AIM OF THE EXERCISE> Check each line of the records for "from"; collect those that have it.

RECORDS SHOWN>
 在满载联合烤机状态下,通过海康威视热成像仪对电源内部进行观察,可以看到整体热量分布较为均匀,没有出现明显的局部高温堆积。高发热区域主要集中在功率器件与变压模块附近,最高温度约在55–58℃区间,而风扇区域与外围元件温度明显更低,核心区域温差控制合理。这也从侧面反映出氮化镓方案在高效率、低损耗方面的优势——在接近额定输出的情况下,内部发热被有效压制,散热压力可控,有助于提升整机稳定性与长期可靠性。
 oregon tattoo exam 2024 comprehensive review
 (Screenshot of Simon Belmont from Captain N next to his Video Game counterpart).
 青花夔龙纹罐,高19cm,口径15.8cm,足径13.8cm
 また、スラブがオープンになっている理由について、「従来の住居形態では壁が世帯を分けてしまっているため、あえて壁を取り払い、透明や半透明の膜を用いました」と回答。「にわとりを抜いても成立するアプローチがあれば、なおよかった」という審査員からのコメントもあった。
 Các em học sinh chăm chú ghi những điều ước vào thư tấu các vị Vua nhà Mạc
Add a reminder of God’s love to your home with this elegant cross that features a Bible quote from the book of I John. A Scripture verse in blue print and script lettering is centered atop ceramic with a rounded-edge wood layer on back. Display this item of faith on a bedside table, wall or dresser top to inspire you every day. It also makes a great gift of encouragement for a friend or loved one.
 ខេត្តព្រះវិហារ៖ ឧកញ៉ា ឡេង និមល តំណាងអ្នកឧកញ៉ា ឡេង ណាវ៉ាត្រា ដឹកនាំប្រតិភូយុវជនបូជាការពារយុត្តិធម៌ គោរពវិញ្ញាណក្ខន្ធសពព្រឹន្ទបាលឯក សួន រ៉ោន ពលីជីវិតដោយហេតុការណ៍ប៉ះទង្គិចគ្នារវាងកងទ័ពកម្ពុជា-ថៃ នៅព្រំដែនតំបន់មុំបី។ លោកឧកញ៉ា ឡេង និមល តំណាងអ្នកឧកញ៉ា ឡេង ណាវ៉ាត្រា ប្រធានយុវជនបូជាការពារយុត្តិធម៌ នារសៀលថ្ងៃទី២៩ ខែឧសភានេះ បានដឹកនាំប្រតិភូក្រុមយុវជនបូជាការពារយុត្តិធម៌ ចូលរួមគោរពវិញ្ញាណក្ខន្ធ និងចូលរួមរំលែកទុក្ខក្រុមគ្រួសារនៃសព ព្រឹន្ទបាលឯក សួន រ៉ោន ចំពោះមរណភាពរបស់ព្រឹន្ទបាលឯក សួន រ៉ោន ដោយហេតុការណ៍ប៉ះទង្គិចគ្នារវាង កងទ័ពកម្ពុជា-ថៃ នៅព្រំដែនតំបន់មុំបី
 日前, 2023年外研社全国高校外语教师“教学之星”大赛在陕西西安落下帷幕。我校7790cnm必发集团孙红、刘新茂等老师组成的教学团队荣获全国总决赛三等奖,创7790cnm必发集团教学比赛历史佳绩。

RESPONSE BELOW>
 (Screenshot of Simon Belmont from Captain N next to his Video Game counterpart).
Add a reminder of God’s love to your home with this elegant cross that features a Bible quote from the book of I John. A Scripture verse in blue print and script lettering is centered atop ceramic with a rounded-edge wood layer on back. Display this item of faith on a bedside table, wall or dresser top to inspire you every day. It also makes a great gift of encouragement for a friend or loved one.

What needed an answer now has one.